Enhancing Anode-Free Battery Performance with Self-Healing Single-Ion Conducting PAMPS--PBA Copolymer Interfaces.

The design of anode-free batteries presents an attractive approach to the lithium metal battery. However, challenges such as uneven plating of lithium and poor Coulombic efficiency limit their commercially viable applications. In response to these challenges, this study introduces poly{(2-acrylamido-2-methylpropanesulfonic acid)--(butyl acrylate)} (PAMPS--PBA), an artificial interface engineered to enhance the cyclic stability of batteries by fortifying the solid electrolyte interphase (SEI) and enabling self-healing and single-ion conductivity. Synthesis outcomes, validated by FTIR and H NMR spectra, demonstrate successful production of PAMPS--PBA. Experimental results, including analyses of surface morphology, tensile strength, and Li plating/stripping tests, demonstrate the effectiveness of PAMPS--PBA in preventing dendrite formation and achieving >99% Coulombic efficiency. SEM analysis reveals better surface morphology and minimal lithium deposits for PAMPS--PBA compared with bare copper and other alternative interfaces.
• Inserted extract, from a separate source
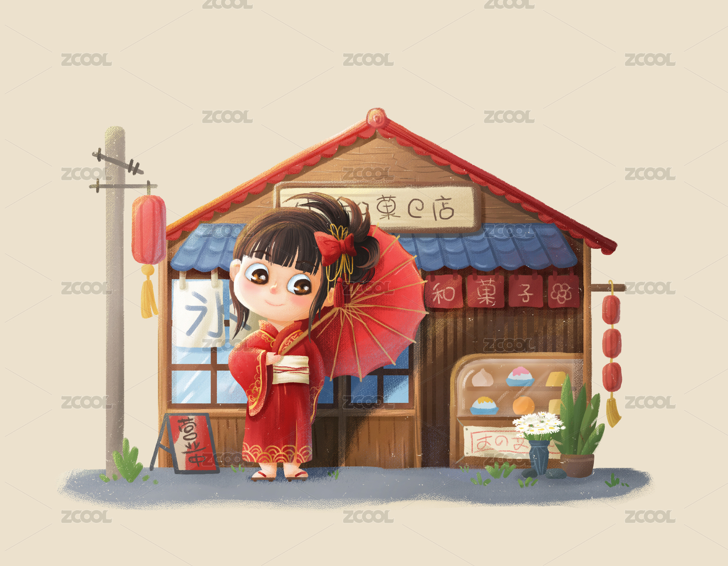 可愛卡通日本和服女孩和店鋪插畫

XPS analysis confirms the self-healing and single-ion conducting attributes of PAMPS--PBA postcycling. Density functional theory calculations elucidates the interface's behavior, confirming a pathway for Li-ion movement facilitated by the sulfonic acid group. Ab initio molecular dynamics simulations highlight the potential for SEI formation, shedding light on the influence of LiTFSI on interface protection. Anode-free full cell testing demonstrates PAMPS--PBA enhancement in stability over bare copper, with 1.6 times capacity retention over 50 cycles, primarily attributed to self-healing and dendrite suppression. Nonetheless, observed capacity fading after prolonged cycling suggests the optimization of Li salt choice. Overall, PAMPS--PBA presents a promising solution for enhancing battery performance through advanced interface engineering.